The Heroes and Villains of the Chernobyl Disaster
NOTE: The following article appeared in the Fall, 1991 edition of Dispatch. We are including it as part of our spotlight on response to nuclear incidents

Book Review:

NOTE: The following article appeared in the Fall, 1991 edition of Dispatch. We are including it as part of our spotlight on response to nuclear incidents

Book Review:

The Heroes and Villains of the Chernobyl Disaster

The Truth About Chernobyl
By Grigori Medvedev
Translated by Evelyn Rossiter
Forward by Andrei Sakharov
New York: Basic Books. $22.95
By Gordon Massingham

It was a massive explosion- ten times the size of the Hiroshima bomb. It flung into the air 120 Tons of red hot nuclear fuel and more than 100 Tons of reactor graphite. The 500-Ton "biological shield" built over the reactor was hurled into air, crashing back down at an angle, leaving the reactor core exposed- spewing massive amounts of radiation. Flames shot 600 feet into the air. Fires started. Pieces of radioactive material were mashed into the structural debris. Almost 50 Tons of nuclear fuel were evaporated into dust, blown by the wind northwest across the Ukraine, Byelorussia, and the Baltic States.

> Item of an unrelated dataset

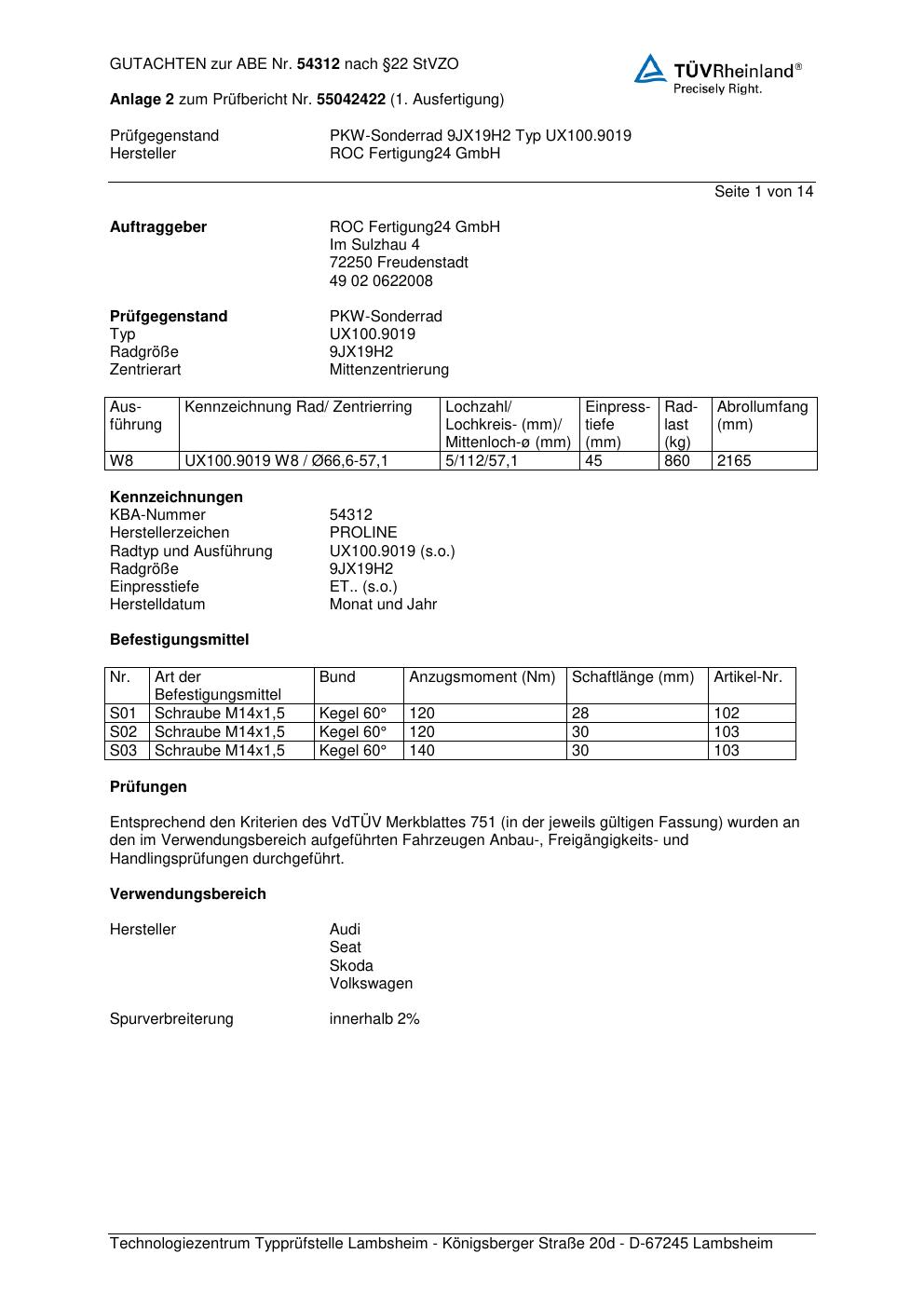 Dieses Gutachten (ABE) bezieht sich auf die Alufelge Proline UX100.9019 in der Ausführung 9Jx19 ET 0, Mittenloch 0 mm (KBA 54312). Im PDF findest du typischerweise zulässige Reifengrößen, Auflagen/Anbauhinweise und – je nach Dokument – Hinweise zur Eintragung.

It was the worst disaster of the still young nuclear age- what has become known as Chernobyl, though the disaster actually occurred near the small village of Pripiat, some ten miles from the larger city of Chernobyl.

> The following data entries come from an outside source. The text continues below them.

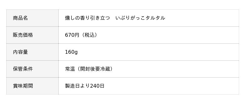 リニューアルにあたっては、従来以上に美味しさを追求するとともに、安全・安心な品質に徹底的にこだわり、どなたにも自信をもっておすすめできる一品を目指しました。株式会社サンクゼールとの協働を通じて生まれた新しい「燻しの香り引き立つ いぶりがっこタルタル」が、皆さまの食卓に笑顔と“うまい!”をお届けできることを心より願っています。
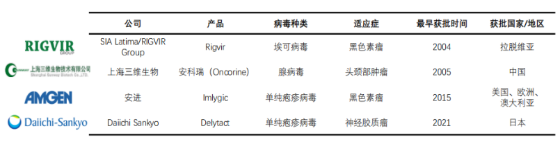 目前已上市的4款溶瘤病毒产品一览表
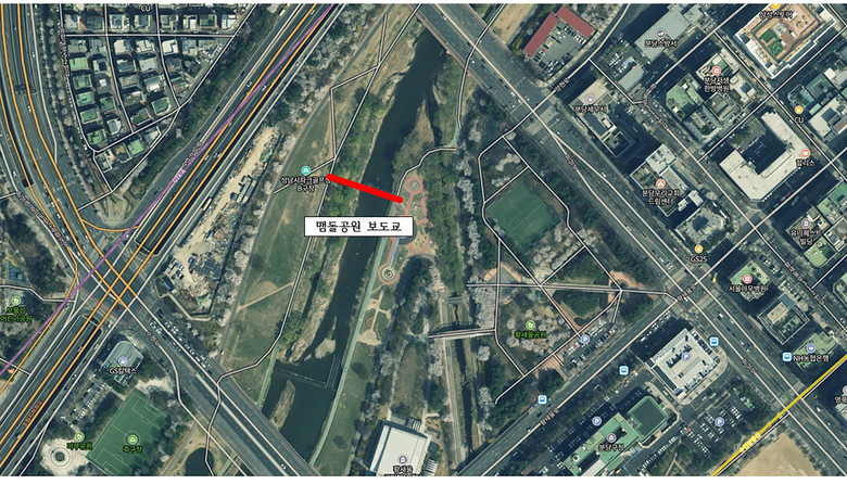 | ▲ 성남시 분당구 수내동 44번지 탄천 맴돌공원 보도교 위치도 |
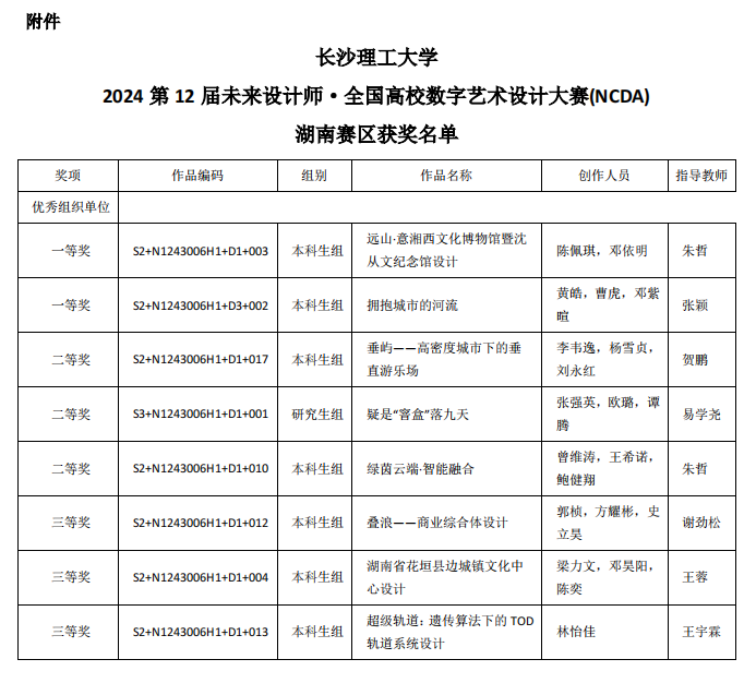 此外,在省级竞赛中,李韦逸、杨雪贞、刘永红同学在指导老师贺鹏的指导下,其作品《垂屿——高密度城市下的垂直游乐场》荣获二等奖;张强英、欧璐、谭腾同学在指导老师易学尧的指导下,作品《疑是“客盒”落九天》荣获二等奖;曾维涛、王希诺、鲍健翔同学在指导老师朱哲的指导下,作品《绿茵云端——智能融合》荣获二等奖。与此同时,郭桢、方耀彬、史立吴同学在指导老师谢劲松的指导下,作品《叠浪——商业综合体设计》荣获三等奖;梁力文、邓吴阳、陈奕同学在指导老师王蓉的指导下,作品《湖南省花垣县边城镇文化中心设计》荣获三等奖;林怡佳同学在指导老师王宇霖的指导下,作品《超级轨道:遗传算法下的 TOD 轨道系统设计》荣获三等奖。这些优异成绩的取得,充分彰显了建筑学院学子的创新精神和专业实力,展现了新时代青年的卓越风采,为学校赢得了荣誉。
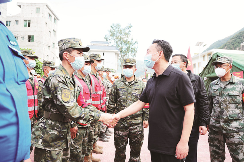 沈陽來到“9·5”瀘定縣6.8級地震抗震救災前線指揮部,看望值班值守干部和醫(yī)務人員、地震專家、搶通保暢隊伍。他說,這次地震既檢驗了我們的應急救援體系和能力水平,也是對各級黨組織和廣大黨員干部的巨大考驗。地震發(fā)生后,前線指揮部統(tǒng)籌調度、高效運轉,各條戰(zhàn)線沖鋒陷陣、攻堅克難,確保了抗震救災各項工作有力有序開展,彰顯了甘孜精神、甘孜速度、甘孜力量。當前,抗震救災仍處在關鍵時期,希望大家堅持人民至上、生命至上,咬緊牙關、繼續(xù)奮戰(zhàn),團結組織廣大干部群眾努力打贏抗震救災這場硬仗。在看望省消防救援總隊、省森林消防總隊、解放軍陸軍勤務支援某旅、武警四川總隊機動第二支隊、特警支隊、安能集團和兄弟市州救援隊伍時,沈陽說,一方有難、八方支援,面對突發(fā)自然災害,各方救援力量火速馳援,不畏艱險、不怕犧牲,戰(zhàn)山關、渡激流,水陸空齊發(fā)力,爭分奪秒搶救生命,一幅幅逆向而行的搶險畫面,一個個“飛奪瀘定橋式救援”的英雄身影,深刻詮釋了中華民族守望相助、和衷共濟的血脈親情,康巴兒女永遠感恩、銘記于心。
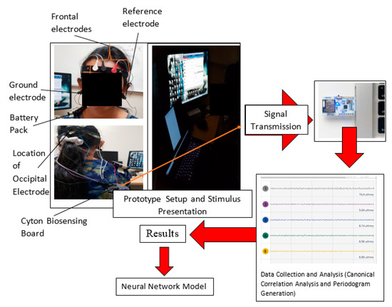 The setup consisted of five electrodes (four frontal and one occipital), positioned on a headband that the subject wore. The stimuli were presented on a laptop. Data was collected from the Cyton Biosensing Board, which received the signals from the electrodes placed on the subject’s scalp in the EEG headband and wirelessly transmitted them to a USB dongle placed in a laptop computer.
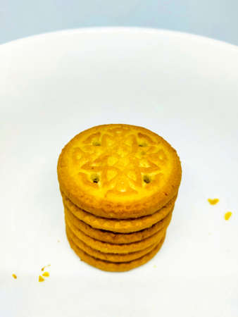 Raisin cookies or biscuit with crumbs flavor. Isolated on white background.
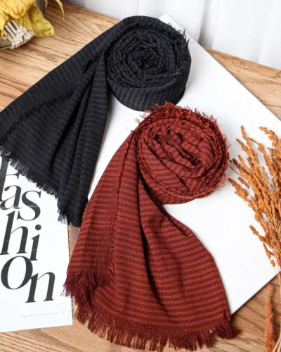 شال پلیسه زارا وارداتی ۳خط منگوله چوبی
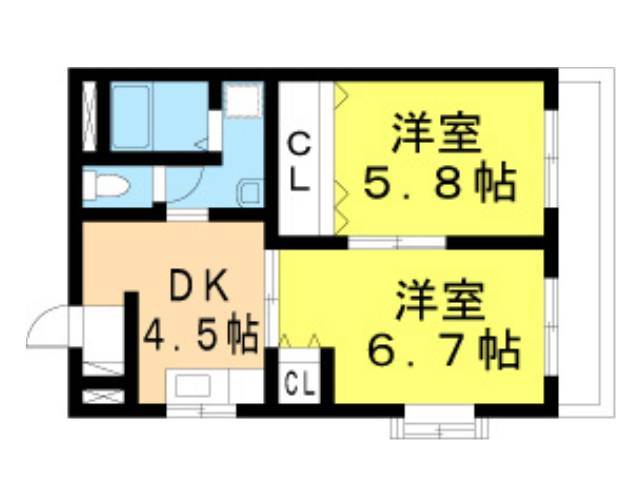| 間取り詳細 | 洋室6.7畳 、 洋室5.8畳 、 DK4.5畳 |
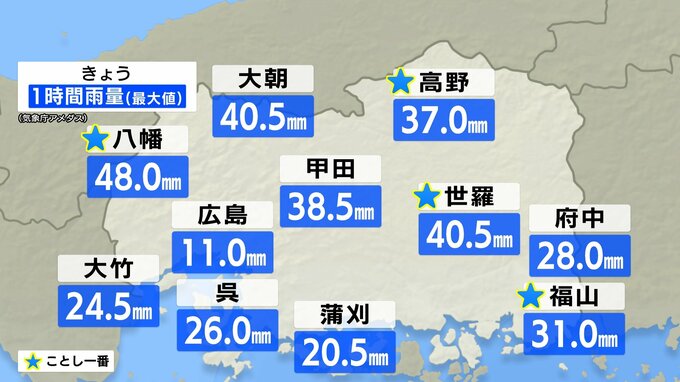 きょう7日(木)の広島県内は、低気圧からのびる寒冷前線が中国地方を南下した影響で、一時的に荒れた天気になりました。局地的に雷を伴い激しい雨が降った地点もあります。特に明け方から朝にかけて、1時間雨量の最大値は、八幡で48ミリ 世羅で40.5ミリ 福山31ミリ 高野37ミリなどとなり、激しい雨を観測しています。また、未明からの降り始めからの総雨量は北部ほど多くなり、県の雨量計では、北広島町(仁川)110ミリ 三次市作木町120ミリを記録しています。

The disaster occurred, ironically, while the reactor's safety systems were undergoing a test. Reactor Number 4 of the Lenin Nuclear Power Station was preparing to shut down for scheduled maintenance. The "inertial rundown experiment" was a test that would bypass the reactor's safety systems. The emergency core cooling system was disconnected.

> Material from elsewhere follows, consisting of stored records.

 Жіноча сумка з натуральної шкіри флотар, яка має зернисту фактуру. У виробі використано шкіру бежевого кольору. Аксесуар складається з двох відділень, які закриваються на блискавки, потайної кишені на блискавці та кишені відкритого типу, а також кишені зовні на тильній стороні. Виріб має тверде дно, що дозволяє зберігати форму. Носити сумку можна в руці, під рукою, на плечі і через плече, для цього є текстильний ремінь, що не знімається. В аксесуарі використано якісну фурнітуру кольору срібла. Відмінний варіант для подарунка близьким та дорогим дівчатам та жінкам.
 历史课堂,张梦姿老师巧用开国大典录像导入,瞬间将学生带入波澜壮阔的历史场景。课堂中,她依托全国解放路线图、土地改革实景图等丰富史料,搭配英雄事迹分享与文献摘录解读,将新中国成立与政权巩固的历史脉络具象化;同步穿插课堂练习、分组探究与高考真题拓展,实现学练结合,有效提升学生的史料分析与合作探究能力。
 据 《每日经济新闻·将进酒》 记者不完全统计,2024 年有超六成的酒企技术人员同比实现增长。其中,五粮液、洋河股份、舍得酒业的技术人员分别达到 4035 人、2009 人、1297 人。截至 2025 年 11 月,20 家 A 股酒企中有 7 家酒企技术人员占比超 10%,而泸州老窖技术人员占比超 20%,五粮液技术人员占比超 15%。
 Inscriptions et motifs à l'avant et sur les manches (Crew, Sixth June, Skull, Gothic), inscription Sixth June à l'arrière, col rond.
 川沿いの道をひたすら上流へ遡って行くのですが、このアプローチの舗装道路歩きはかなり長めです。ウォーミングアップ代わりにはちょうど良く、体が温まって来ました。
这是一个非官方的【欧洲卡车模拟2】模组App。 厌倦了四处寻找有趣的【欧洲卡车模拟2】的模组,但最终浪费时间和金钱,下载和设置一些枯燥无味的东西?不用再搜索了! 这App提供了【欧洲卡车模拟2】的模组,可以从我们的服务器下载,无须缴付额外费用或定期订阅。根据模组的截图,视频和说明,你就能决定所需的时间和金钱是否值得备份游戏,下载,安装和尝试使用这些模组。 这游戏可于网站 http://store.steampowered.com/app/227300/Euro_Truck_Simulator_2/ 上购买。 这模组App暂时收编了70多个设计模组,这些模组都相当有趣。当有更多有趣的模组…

The hot reactor caused a steam discharge so powerful that relief valves were destroyed and water lines ripped apart. The reactor's insulation was breached as well as the leaktight compartment designed to confine an accident. Chemical and exothermic reactions broke water down to its elements- hydrogen and oxygen, a highly explosive mixture. The hydrogen and oxygen bubble began to fill the leaktight compartment and then blew.

--------------------------------------------------------------------------------

The hot reactor caused a steam discharge so powerful that relief valves were destroyed and water lines ripped apart.

--------------------------------------------------------------------------------

The first responding fire fighters were from the plant fire brigade. The tar roof of the nearby turbine hall, which served all the reactors, was on fire. Lubricants inside the turbine hall were ignited.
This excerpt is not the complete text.